Bronzed Chicken Breasts
Ingredients:
- 4 Tbsp. melted, unsalted butter or oil of your choice.
- 8 boneless, skinless breast halves (about 3 ounces each), about 1/2 to 3/4 inch thick (You may pound the breast a little to even out the thickness. Best if near room temperature.)
- 1 Tbsp. plus 1 tsp. Chef Paul Prudhomme’s Poultry Magic
Directions:
- Heat heavy griddle or skillet to about 350º F over medium to high heat or use an electric skillet.
- When griddle or skillet is heated, lightly coat each chicken breast half (both sides) with melted butter or oil.
- With chicken in your hand, sprinkle the oiled breast evenly with about 1/2 teaspoon of Chef Paul Prudhomme’s Poultry Magic® and place the seasoned side down in the hot skillet.
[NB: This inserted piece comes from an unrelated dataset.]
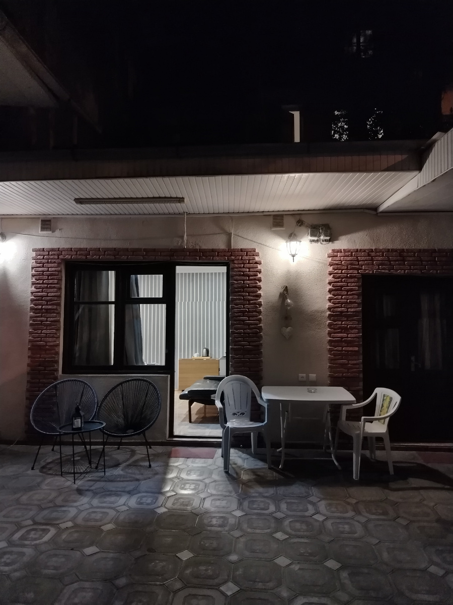 К сожалению, наша компания распалась. По разным семейным и прочим причинам основная часть нашей команды разъехалась по домам, а мы с Еленой, новым членом нашей компании, отправились вдвоем путешествовать дальше. И мы уже в Тбилиси! О нашем переезде напишу отдельно, потому что это тоже интересно и многим может быть полезно. А пока о первых впечатлениях о Тбилиси. Если говорить одним словом, то это восторг! Приехали мы уже вечером, пока добрались до отеля, было уже темно. Но этот небольшой дворик и комната на двоих, просторная и светлая, сразу легли на душу. Бросив вещи и немного повосхищавшись нашим новым, нормальным жильем, мы пошли погулять. Очень хотелось есть, так как день были в дороге. Хозяйка нашего отеля посоветовала нам кафе недалеко от дома "Сули", я так понимаю, от Сулико. Кафе оказалось очень симпатичным, уютным. Оно не рассчитано на поток, а больше "для своих", там и столиков немного. Но сделано все со вкусом. Мы заказали тушеные овощи - аджапсандал, хинкали и по бок
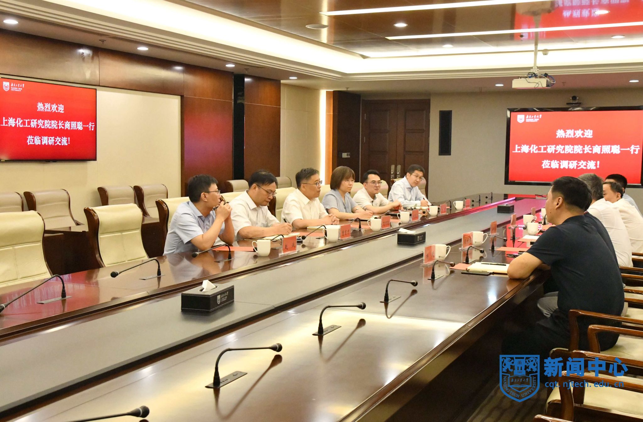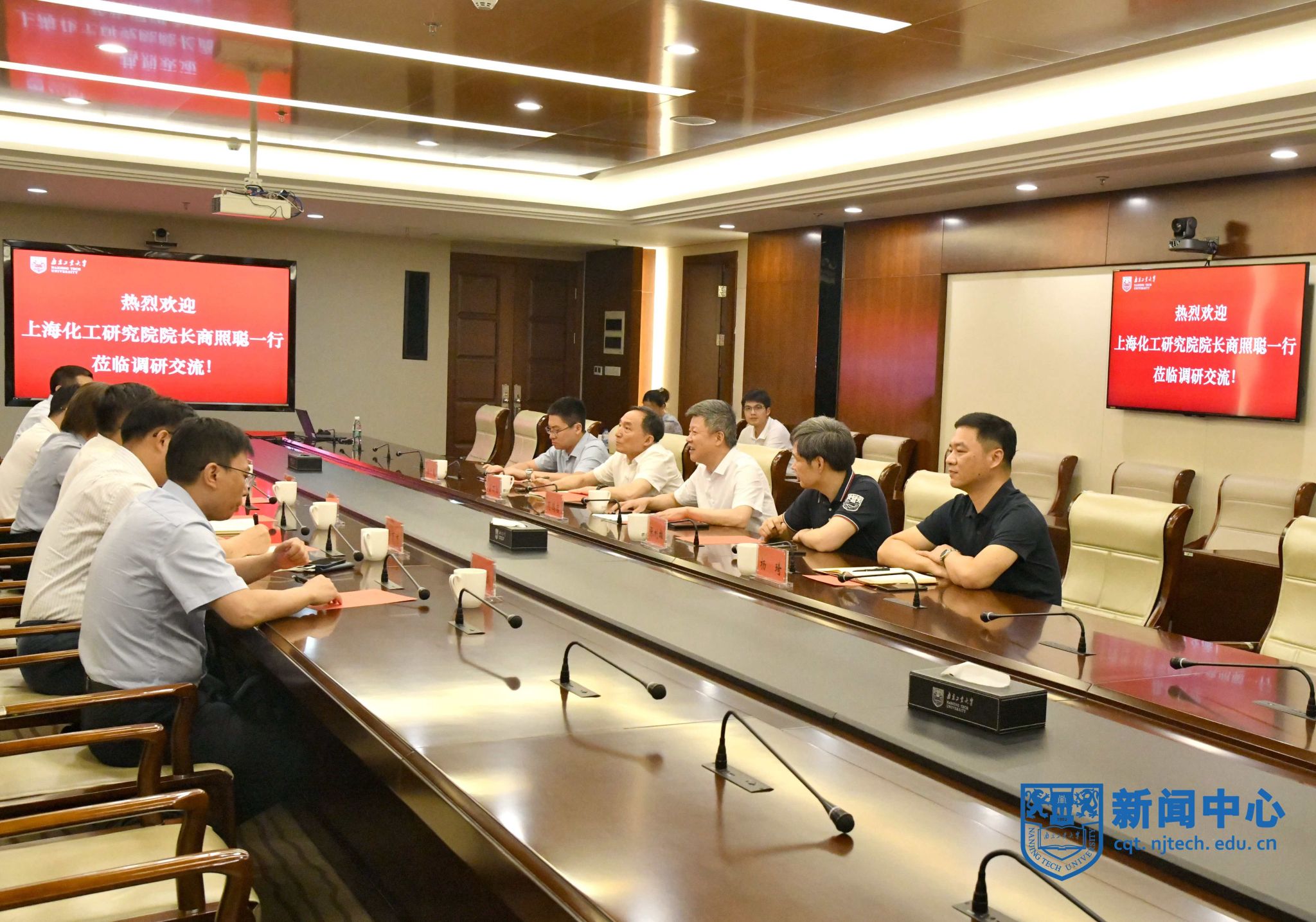 7月25日,上海化工研究院院长商照聪一行来校调研交流,校党委书记芮鸿岩在弘毅楼会议室与来宾座谈交流。

- Then, season top side of breast.
- Cook chicken until underside is bronze in color, 2 to 3 minutes. (Watch and you will see white line coming up sides as chicken cooks; when line is about 1/2 the thickness, chicken is ready to be turned.)
- Cook until done, 2 to 3 minutes more.
- Serve immediately.
- Do not overcook! Chicken should be very juicy.
Servings: 4
Note: If you do not have Chef Paul Prudhomme’s Poultry Magic® at home, any of Chef Paul Prudhomme’s Magic Seasoning Blends® may be substituted.